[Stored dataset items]
========

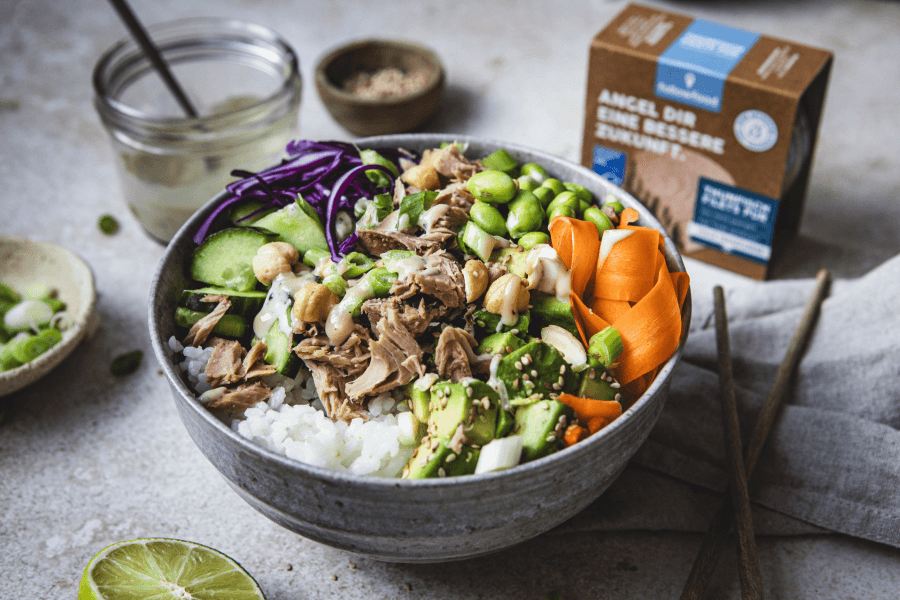 Frisch, bunt, ausgewogen: Diese Bowl mit Thunfisch, Edamame, Avocado und Tahin bringt nicht nur cremigen Umami-Geschmack auf den Teller, sondern auch 30 g Protein pro Portion. Der handgeangelte Thunfisch von den Malediven fügt sich nahtlos ein in die cleanen Zutaten – keine Tricks, keine Zusätze, nur ehrlicher Geschmack.
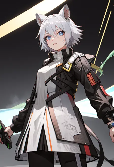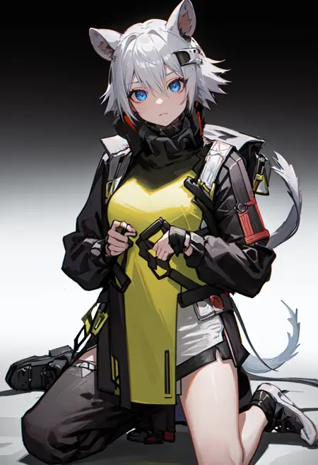 トリガーワードはclick_arknights、削除されたタグはanimal_ears, short_hair, mouse_ears, grey_hair, mouse_girl, black_headwear, hat, baseball_cap, blue_eyes, ears_through_headwear, tail, mouse_tail, hair_between_eyesです。あるときキャラクターの一部の特徴(例:髪の色)が不安定な場合、これらをプロンプトに追加してください。
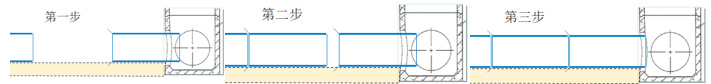 管、井安装衔接的通常顺序为:管道逐节安装至检查井时,临近检查井的2 节管道安装暂时停下,将检查井安装好,再将临近检查井的第 1 节管道插入检查井内,接着安装临近检查井的第 2 节管道,最后把第 1 节管道拔出接上第2 节管道,(若先安装好管道,拎着检查井往管道上“套”,则容易造成检查井基础密实度不一、扰动、倾斜的情况,当多方向接入时,也不可能拎着检查井多方向移动),见下图:
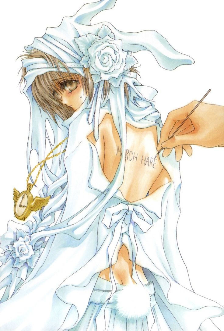 Description: A drawing of a woman in a white dress with a flower on her head and a ring in her hand.
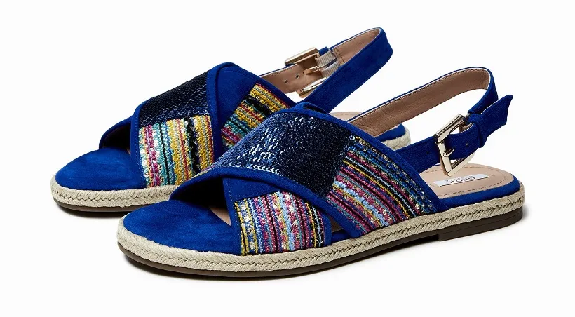 Воспоминания о Бразилии не дают покоя испанскому дизайнеру бренда Geox Эрнесто Эспозито, в летнем сезоне он предлагает почувствовать дух этой яркой страны, надев на себя пару цветных сандалий в этническом стиле. Обувь из актуальной коллекции Geox выполнена из прочного тканого полотна, напоминающего гобелен, цветной замши, кожи. Она декорирована объемной тесьмой из люрексовых нитей. Не обошлось и без главной фишки итальянского бренда – новых технологий, создающих особый комфорт. Все модели снабжены стельками с эффектом памяти. Цена сандалий – 9490 руб.

========

▶ [Problem description] Your task is to reproduce exactly the lines from the start of the data above through the line containing "Description: A drawing", leaving every picture out.

▶ [Output]
 Frisch, bunt, ausgewogen: Diese Bowl mit Thunfisch, Edamame, Avocado und Tahin bringt nicht nur cremigen Umami-Geschmack auf den Teller, sondern auch 30 g Protein pro Portion. Der handgeangelte Thunfisch von den Malediven fügt sich nahtlos ein in die cleanen Zutaten – keine Tricks, keine Zusätze, nur ehrlicher Geschmack.
 トリガーワードはclick_arknights、削除されたタグはanimal_ears, short_hair, mouse_ears, grey_hair, mouse_girl, black_headwear, hat, baseball_cap, blue_eyes, ears_through_headwear, tail, mouse_tail, hair_between_eyesです。あるときキャラクターの一部の特徴(例:髪の色)が不安定な場合、これらをプロンプトに追加してください。
 管、井安装衔接的通常顺序为:管道逐节安装至检查井时,临近检查井的2 节管道安装暂时停下,将检查井安装好,再将临近检查井的第 1 节管道插入检查井内,接着安装临近检查井的第 2 节管道,最后把第 1 节管道拔出接上第2 节管道,(若先安装好管道,拎着检查井往管道上“套”,则容易造成检查井基础密实度不一、扰动、倾斜的情况,当多方向接入时,也不可能拎着检查井多方向移动),见下图:
 Description: A drawing of a woman in a white dress with a flower on her head and a ring in her hand.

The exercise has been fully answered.